The “Basketball-ization” Of Other Sports

It’s impossible to talk about basketball without landing on its phenomenon beyond the court.

The sport is embedded in culture:

  • Wearing Jordan’s as dress shoes
  • Entire social media accounts dedicated to hoop fashion
  • College students rocking mesh basketball jerseys at parties
  • Football teams having Jordan (a basketball player) as their sponsor.
jordan brand football teams

Basketball profoundly impacts various areas of society — music, art, and fashion along with being a powerful platform for social and community development.

And other sports (like soccer) are looking to tap into this power.

Let’s Dive In 👇

Social and Cultural

Basketball is great because it welcomes everyone to participate — regardless of size, color, social class, or belief.

Our championship season at Boston University featured players from 12 different states with every race and region of the world represented.

boston university march madness team

Other basketball and culture synergies:

  1. Urban art — graffiti walls serving as backdrops at streetball games.
  2. Players using their platforms for change — addressing social issues and giving back to their communities through charitable work.
  3. Hip-hop music — artists often make references to basketball and its players in their songs.
  4. Iconic films — such as “White Men Can’t Jump,” “Space Jam,” and “Coach Carter.”
    iconic basketball movies
  5. Signature shoes — Air Jordans have reached iconic status and are sought after by sneaker enthusiasts worldwide.
  6. Streetwear fashion — basketball players and their unique styles serve as inspiration for urban fashion trends.

And wrapping it off…

In 2015, the University of Michigan became the first football team to wear Jordan gear (followed by Oklahoma, Florida, UCLA, and Howard).

Other Sports Adopting Basketball

Allen Iverson began using a basketball sleeve during the 2000-01 season due to bursitis in his right elbow.

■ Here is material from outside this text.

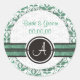 Elegant Monogram Damask Save The Date Wedding Stickers. Make a lasting impression with this Elegant Monogram Damask Save The Date Wedding Stickers . There is a stripe along the sticker and a circle with an elegant monogram on it. The beautiful mint green and white damask pattern background adds style and finesse. Designed by Olympia. Classic and sophisticated yet contemporary at the same time. Design available in several colours. Personalise it with your text. You can change text and use it as Thank You stickers or any other use you think.

Fans started wearing the sleeves as a fashion statement, and by 2008, the sleeves were the most popular non-apparel items sold by the league.

Now you see them in nearly every other sport.

athletes wearing shooting sleeves

The same thing happened with tights many years before…

The first wave is attributed to Jerry Stackhouse, a vocal fan of the health benefits of tights (warmer muscles).

athletes wearing tights

The trend was quickly squashed by a league-wide ban on full-length tights (and reversed not long after).

Basketball sets many trends — in both culture and in other sports.

Access Is Key

One of the reasons basketball has spread so rapidly across the States is because of how accessible it is.

Raw estimates suggest that 75-80% of Americans can walk to a basketball hoop.

The sport does not require a ton of players or equipment (play solo or up to 5on5). Alternative versions of the game like streetball have emerged at this intersection.

streetball in rucker park

For other sports to keep growing in the States…they need to become more democratic, urban, and less expensive to play.

Using soccer as an example….

That means more streetball such as futsal and versions of the game you see in South America and Europe.

Several factors are working in favor of this:

  • The U.S. Soccer Federation plans to build 1,000 mini-pitches across the country by 2028.
  • By the year 2060, over 1 in 4 Americans are likely to be Latino.
  • 7vs7 soccer tournament with a $1M prize is helping expand the game.
youth soccer

There’s a real chance for soccer to shape culture, music, and fashion — just like basketball did over the years.

Soccer 3.0

This timeline illustrates the waves perfectly…

  • Soccer 1.0 was the North American Soccer League with players like Pele introducing the game to America.
  • Soccer 2.0 was the 1994 U.S. World Cup and the launch of the MLS in 1996. This led to David Beckham, more stadiums being built, and the rise of the USL.
  • Soccer 3.0 is what is coming with Copa America, 2026 World Cup, 2028 LA Olympics, and even a potential Women’s World Cup on U.S. soil.

The question becomes…

Will soccer hit its peak during this time? Or will it break through to become a top 3 sport in America?

Looking Ahead

Basketball has had several advantages versus other sports:

  • Golf and hockey are expensive.
  • Baseball and football require several pieces of equipment, players, and large swaths of real estate.
  • Tennis courts are pretty much nonexistent in poor neighborhoods.
  • And soccer is in the early stages of catching on in America.
soccer fashion and culture

We’ll know the “soccer wave” is here when we see more Messi jerseys at college frat parties and indoor soccer shoes being worn for fashion.

I think there are massive opportunities for those (especially in marketing) that can bridge the gap between corporate and culture.